WoodMac: Improvements seen for viability of US tight oil
Global oil-market analysis from research and consultancy firm Wood Mackenzie Ltd. indicates that 70% of new drilling in US tight oil plays and pre-final investment decision (FID) conventional oil projects are commercial at Brent crude oil prices below $60/bbl.
Just 50% of those plays were commercial a year ago. WoodMac says that these “projects are crucial to offset global demand growth and declines from existing production,” noting that some 13 million b/d of new supply could be developed globally from both tight oil and conventional projects by 2025.

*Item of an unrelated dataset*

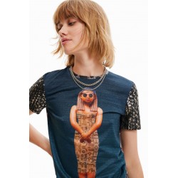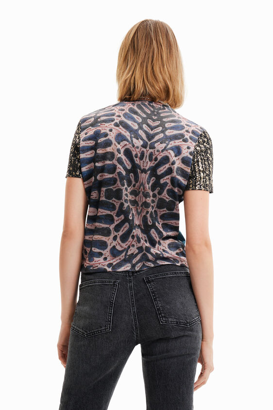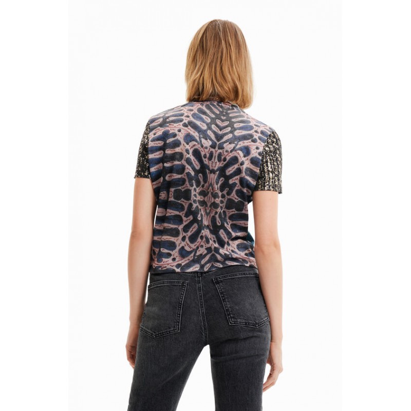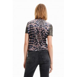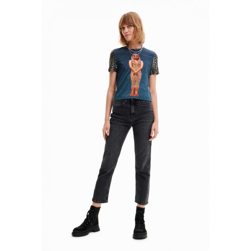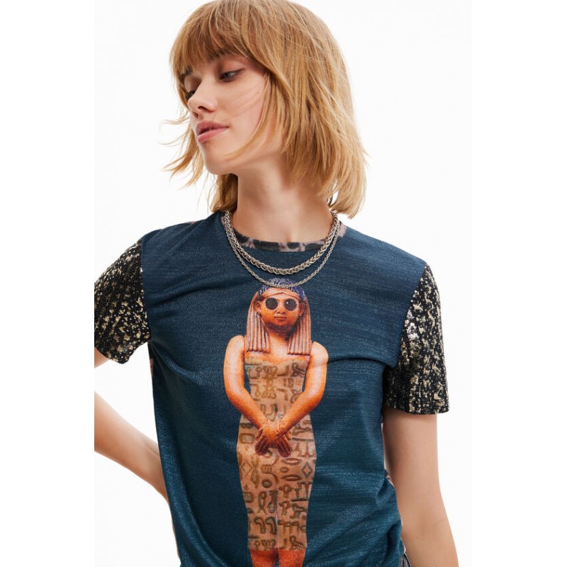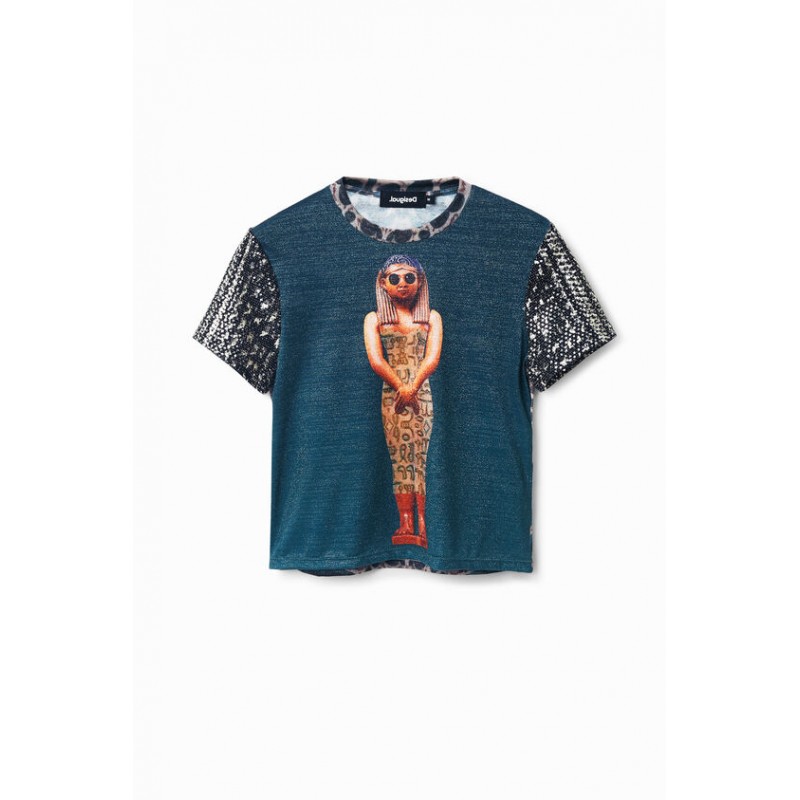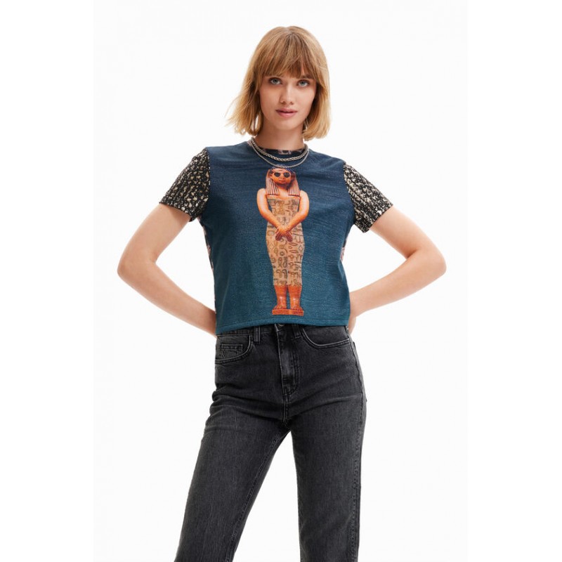 Estampado collage fotográfico digital de inspiración egipcia y estampados diferentes en mangas y espalda, que caracterizan a esta camiseta ajustada de manga corta. Cuello redondo largo cropped y slim fit.

Global breakeven costs for tight oil and conventional developments have dropped $19/bbl to the current weighted average of $51/bbl since a peak in 2014 and $8/bbl over the past 12 months.
Of the 13 million b/d, 9 million b/d is commercial at Brent fetching $60/bbl, which is better than any point since 2009 and 1.5 million b/d more than a year ago. Most of the 9 million b/d is US tight oil, reflecting productivity improvements and cost deflation in the key growth plays.
WoodMac says the “big winners” as a result of these improvements are incumbent operators in the major tight oil growth plays such as the Midcontinent and Permian basin, including US independents EOG Resources Inc., Pioneer Natural Resources Co., Continental Resources Inc., and Apache Corp.; and majors ExxonMobil Corp. and Chevron Corp.
“In contrast, the majority of conventional pre-FID projects are not commercial at $60/bbl,” said Harry Paton, WoodMac research analyst. “These projects will be needed to meet demand growth into the next decade but higher prices or significant additional cost reductions are required for many to be commercial. If prices remain at around $50/bbl, then many major conventional projects are at risk of deferral or cancellation.”
WoodMac's breakeven analysis shows that deepwater projects are highest on the cost curve despite some progress on cost deflation. Deepwater Angola and Nigeria projects have already suffered cancellations and more are at risk. Brazil in contrast holds its own in the middle of the cost curve with a weighted average breakeven of $50/bbl due to world-class projects of scale such as Libra (OGJ Online, July 12, 2016).